**Prompt:**
Quote only the span from the first line of the entries to the line containing "Slika 1. Mamutská osa ( Megascolia maculata )", both ends kept. Leave every picture out.

**Material for this task:**
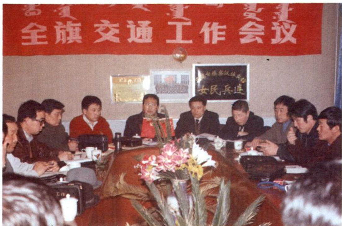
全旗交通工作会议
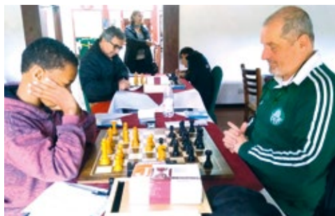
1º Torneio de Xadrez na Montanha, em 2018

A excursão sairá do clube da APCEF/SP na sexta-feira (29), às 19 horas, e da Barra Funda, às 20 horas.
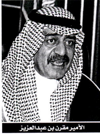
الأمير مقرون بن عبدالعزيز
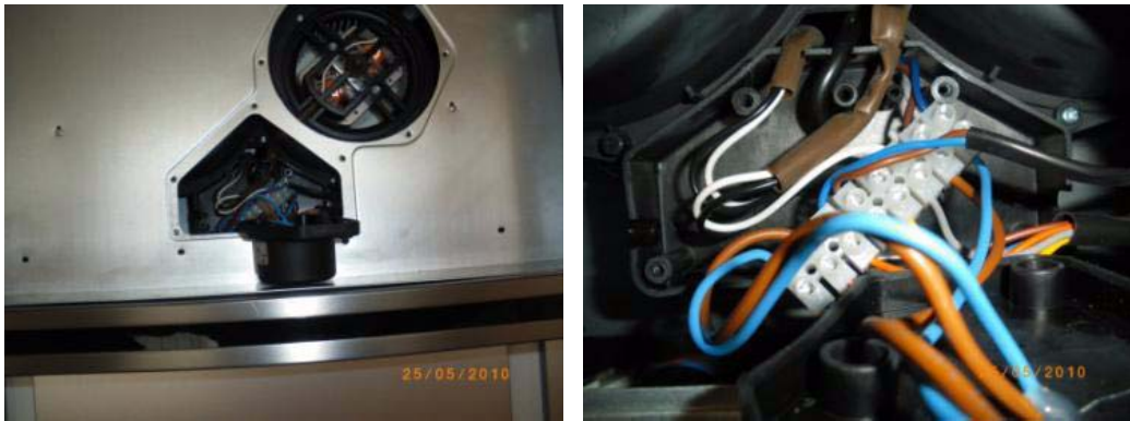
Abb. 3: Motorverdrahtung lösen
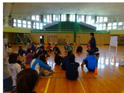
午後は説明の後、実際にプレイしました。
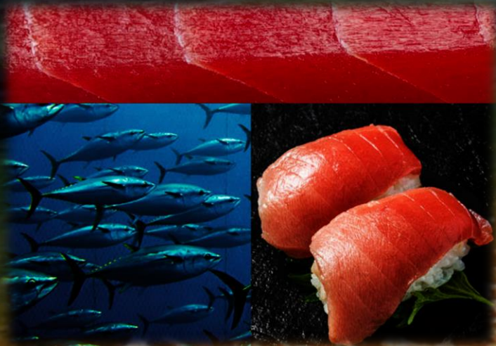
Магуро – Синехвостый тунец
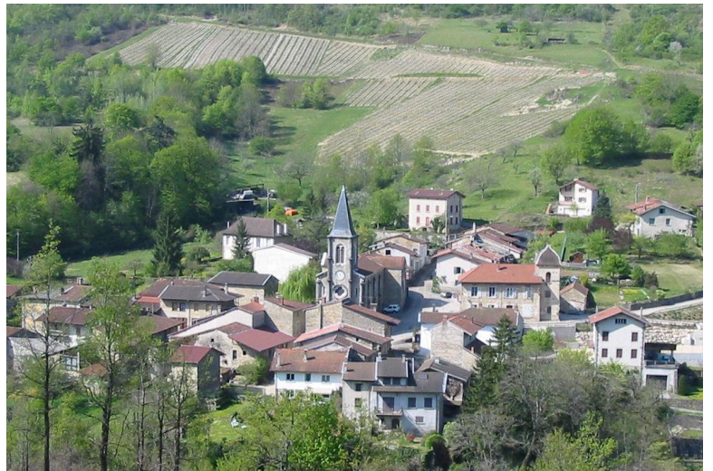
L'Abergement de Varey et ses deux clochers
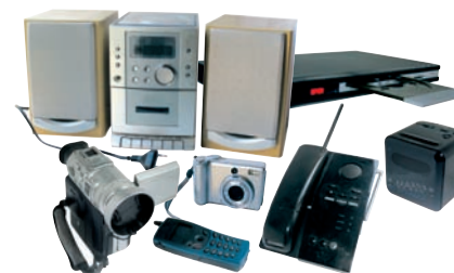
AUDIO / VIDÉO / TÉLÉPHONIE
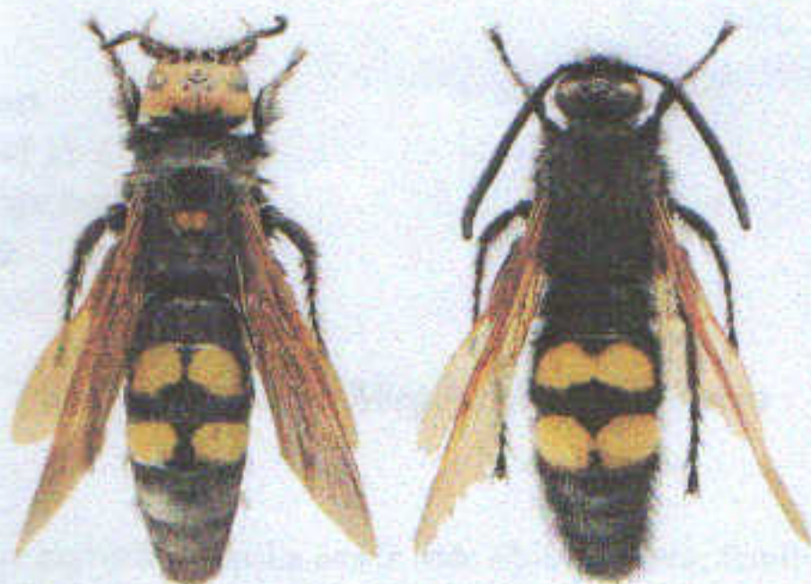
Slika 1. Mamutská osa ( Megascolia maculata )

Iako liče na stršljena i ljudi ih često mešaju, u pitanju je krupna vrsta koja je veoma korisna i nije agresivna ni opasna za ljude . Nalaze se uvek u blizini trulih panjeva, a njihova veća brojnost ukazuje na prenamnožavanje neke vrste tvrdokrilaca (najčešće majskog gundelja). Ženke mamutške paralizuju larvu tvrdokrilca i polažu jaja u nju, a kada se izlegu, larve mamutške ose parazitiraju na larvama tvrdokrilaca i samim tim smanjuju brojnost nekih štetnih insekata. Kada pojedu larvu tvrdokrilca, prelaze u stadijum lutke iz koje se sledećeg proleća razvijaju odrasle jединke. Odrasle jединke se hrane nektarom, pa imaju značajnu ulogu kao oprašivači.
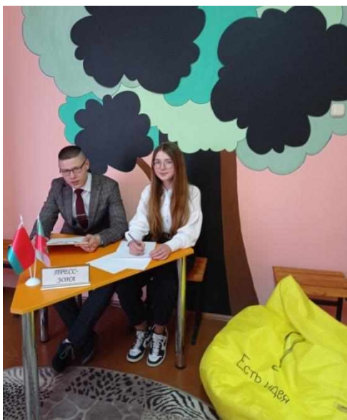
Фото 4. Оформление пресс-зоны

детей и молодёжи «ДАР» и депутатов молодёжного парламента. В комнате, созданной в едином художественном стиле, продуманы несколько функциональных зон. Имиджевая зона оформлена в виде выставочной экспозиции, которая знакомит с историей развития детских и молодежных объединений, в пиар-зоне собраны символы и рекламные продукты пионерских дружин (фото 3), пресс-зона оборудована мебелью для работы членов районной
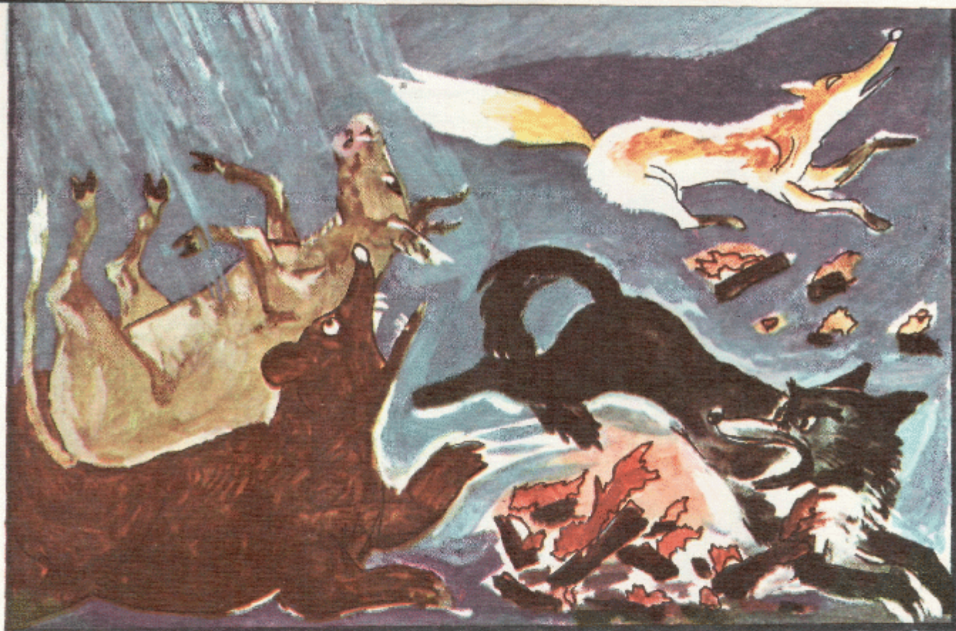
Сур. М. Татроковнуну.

**Finished exercise:**
全旗交通工作会议
1º Torneio de Xadrez na Montanha, em 2018

A excursão sairá do clube da APCEF/SP na sexta-feira (29), às 19 horas, e da Barra Funda, às 20 horas.
الأمير مقرون بن عبدالعزيز
Abb. 3: Motorverdrahtung lösen
午後は説明の後、実際にプレイしました。
Магуро – Синехвостый тунец
L'Abergement de Varey et ses deux clochers
AUDIO / VIDÉO / TÉLÉPHONIE
Slika 1. Mamutská osa ( Megascolia maculata )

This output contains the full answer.